Lassen sie mich noch etwas zu dem Vorwurf sagen, niemand hätte gegen die Gesetzesänderung protestiert. Das ist eine echt schräge Nummer: Bis vor drei Wochen glaubten Lehrerinnen, Lehrer und Eltern, sie könnten so weitermachen wie bisher. Uns heute sagen Sie: "Jetzt regt Euch mal nicht auf - selbst Schuld wenn Ihr vor 1 ½ Jahren nicht bemerkt habt, was die CDU beschlossen hat. Was ist das für ein Politikverständnis? Sind Sie vielleicht stolz darauf, dass ihr Tun, erst einmal keiner bemerkt hat? Gefällt es Ihnen, ohne Diskussion mit den Betroffenen heimlich die Integration auf den Kopf zu stellen? Glauben Sie, Eltern und Schulen hätten letztes Jahr geschwiegen, weil sie die CDU beim Gesetzmachen nicht stören wollten? Glauben Sie, die Empörung der Eltern, die sich um ihre Kinder sorgen, wäre vor einem Jahr geringer ausgefallen?

Und was glauben Sie, welchen Ärger es an den Schulen dadurch gibt, dass sie Wochen nach Beginn des Schuljahrs angewiesen werden, wieder Noten zu geben. Da kann die Senatorin doch nicht sagen: "Wir tun nur unsere Pflicht und weisen die Schulen darauf hin, dass man Gesetze befolgen muss." Jedes mal, wenn Sie an dem § 44 im Schulgesetz rumgeschraubt haben, wurden die Schulen mit einem Brief darüber informiert. Das war 2003 so und das war 2005 so. Nur 2006 will die Schulbehörde mit den Schulen nicht gesprochen haben. Niemand will die Schulen beruhigt haben, dass man das schon regeln würde. Das glaubt Ihnen doch niemand! Den Ärger und das Leid haben jetzt die Schülerinnen und Schüler- und mit ihnen die Eltern, Lehrerinnen und Lehrer.

Es wäre ein leichtes für sie, wenn wir gemeinsam und schnell die gesetzlichen Grundlagen schaffen würden, damit die bewährte Praxis der Berichtzeugnisse in den Integrationsklassen weitergeführt werden könnte. Damit würde es in ganz Hamburg weiterhin in den 3. und 4. Klassen die von ihnen gewünschten Noten geben - nur eben nicht in Integrationsklassen und den Integrativen Regelklassen. Ich möchte an dieser Stelle die Behinderten-Beauftragte der Bundesregierung Karin Evers-Meyer zitieren: "Die Entscheidung, welche Art von Leistungsbewertung erfolgt, sollte den Schulen im Einvernehmen mit den Eltern überlassen werden."

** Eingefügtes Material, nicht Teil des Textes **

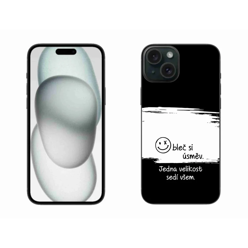Gél borítás mmCase iPhone 15 Plus készülékhez - vicces szöveg 8 fekete-fehér háttérrel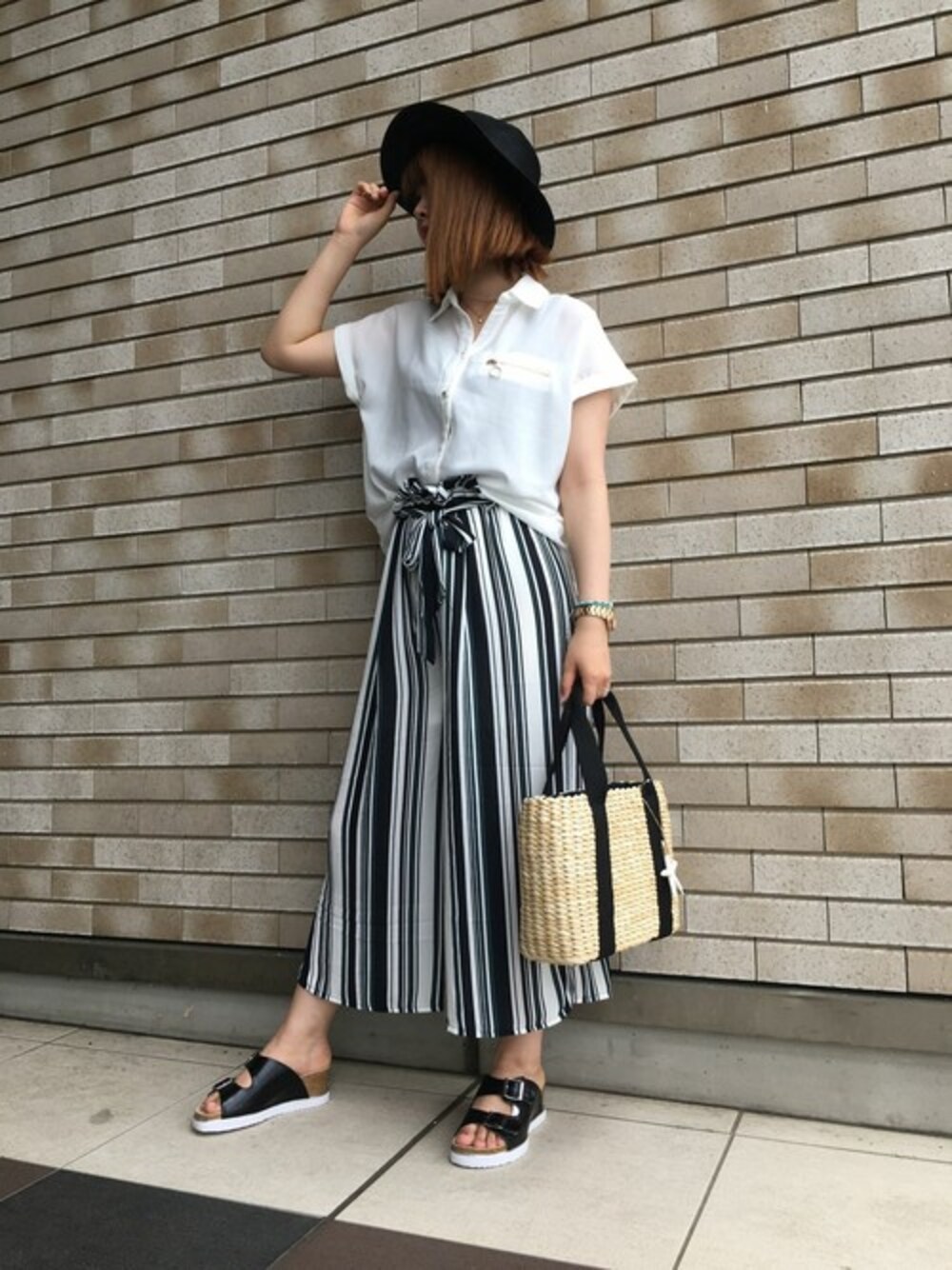 ざっくり着て様になるゆるシルエットのシャツにストライプのワイドパンツでコーデ♪ シャツは、リングジップ付きでひと味違ったデザイン! モノトーンでまとめて、大人のこなれた夏スタイルに。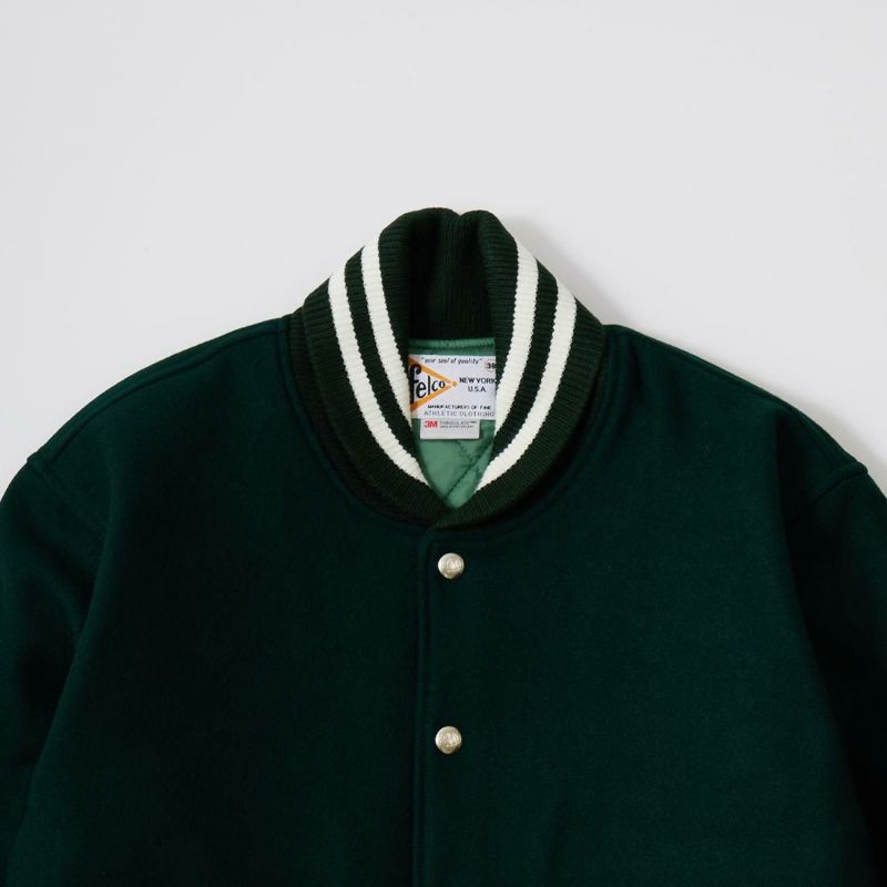 FELCO (フェルコ) SHAWL COLLAR VARSITY JACKET w/QUILT LINING ALL MELTON - NAVY

Sie reden doch immer von mehr Selbständigkeit der Schulen; vom wichtigen Engagement der Eltern. Meine Damen und Herren von der CDU: Machen Sie bei den Integrationsklassen ernst damit: Überlassen Sie die Entscheidung über die Art der Leistungsbewertung der Schule und den Eltern!